7 Replies Latest reply on Nov 16, 2011 6:24 PM by fesc2000

    Display driver hangs

    fesc2000

      Hi,

      my OpenCL application regularly causes the display driver to hang and getting restarted (under Windows 7/64bit, catalyst 11.11).

       I'm wondering whether anyone has had the same experience and what to do about it (or how to debug it). Maybe there are some errors or constructs which are known to cause a driver crash (although i would always consider such a behaviour as driver bug ..).

      The same application runs fine under Linux.

      Thanks..

       

        • Display driver hangs
          antzrhere

          Are you certain it's not a case of the display timing out? On windows by default if the kernel runs for >5 seconds the display adapter is reset. It may just behave differently on Linux?

            • Display driver hangs
              fesc2000

              That might be the case, windows just tells me it didn't react any more.

              On the other hand, my kernels shouldn't take that long, there are no loops etc.

              Is there a way to increase that timeout value?
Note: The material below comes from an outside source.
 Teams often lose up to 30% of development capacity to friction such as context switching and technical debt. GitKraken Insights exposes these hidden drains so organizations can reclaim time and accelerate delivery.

                • Display driver hangs
                  antzrhere

                  To disable timout set:

                   

                  HKEY_LOCAL_MACHINE\SYSTEM\CurrentControlSet\Control\GraphicsDrivers\TdrLevel



                  to 0 for no timeout or 3 to restore default functionality (this is quoted for Vista from AMD SDK 2.5 release notes).
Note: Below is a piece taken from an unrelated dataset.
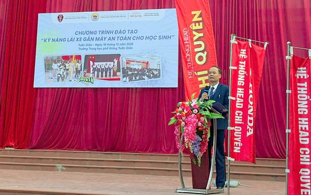 Thực hiện kế hoạch năm học và nhằm mục tiêu xây dựng văn hóa giao thông học đường, sáng ngày 18/12/2025, trường THPT Tuần Giáo đã phối hợp cùng Trạm Cảnh sát Giao thông Tuần Giáo – PC08 – Công an tỉnh Điện Biên và Công ty TNHH Thương mại & Dịch vụ Hoàng Kim tổ chức thành công chương trình “Tuyên truyền, phổ biến giáo dục pháp luật và tập huấn kỹ năng lái xe an toàn cho học sinh năm 2025”.

                  The fact that you have no loops or barriers suggests this is not your problem. Does the screen black out for a second? - if so this would suggest a timeout problem as the device is being reset. If not it may be a fatal error on the part of the compiler - I've had this problem once with a kernel executed on the CPU - the program window went white whilst compiling and the program crashed - but it worked fine on the GPU. I guess it was a bug in the AMD OpenCL compiler as everything up until build program executed correctly. Have you tried your code on the CPU?

                    • Display driver hangs
                      fesc2000

                      When the error happens the application and desktop (except the mouse) freezes and gets restarted after some seconds.

                      Setting TdrLevel to 0 results in a complete freeze.

                      Using the CPU wouldn't work, because the application gets too slow. The error happens after the application has been running for a while.

                      Maybe i'm writing out of a buffer, although i though i'd taken care of this, but i think i have a 2nd look. Is there a defined behaviour when doing this, or could this cause a stalled kernel/GPU?

                        • Display driver hangs
                          antzrhere

                          Sounds like your kernel is getting stuck and causing the problem, hence why when you disable the timeout in windows it freezes completely.

                          I've never found that by writing out memory can cause a kernel to hang (without loops), however if you accidently spill into some other part of memory that is being used this could cause undefined results. As the GPU is abit of a black box I suppose anything could be possible.

                          Apart from loops and thread synchronisaton barriers I can't think of what else can cause a hang.

                          Could you post your kernel and any associated code? 

                  • Display driver hangs
                    MicahVillmow
                    fesc2000,
                    Most likely this is the watchdog timer causing a reset of your GPU on windows. Since a GPU is not a pre-emptible device, windows just resets it if a thread uses all of the resources of the graphics card for longer than a set period of time.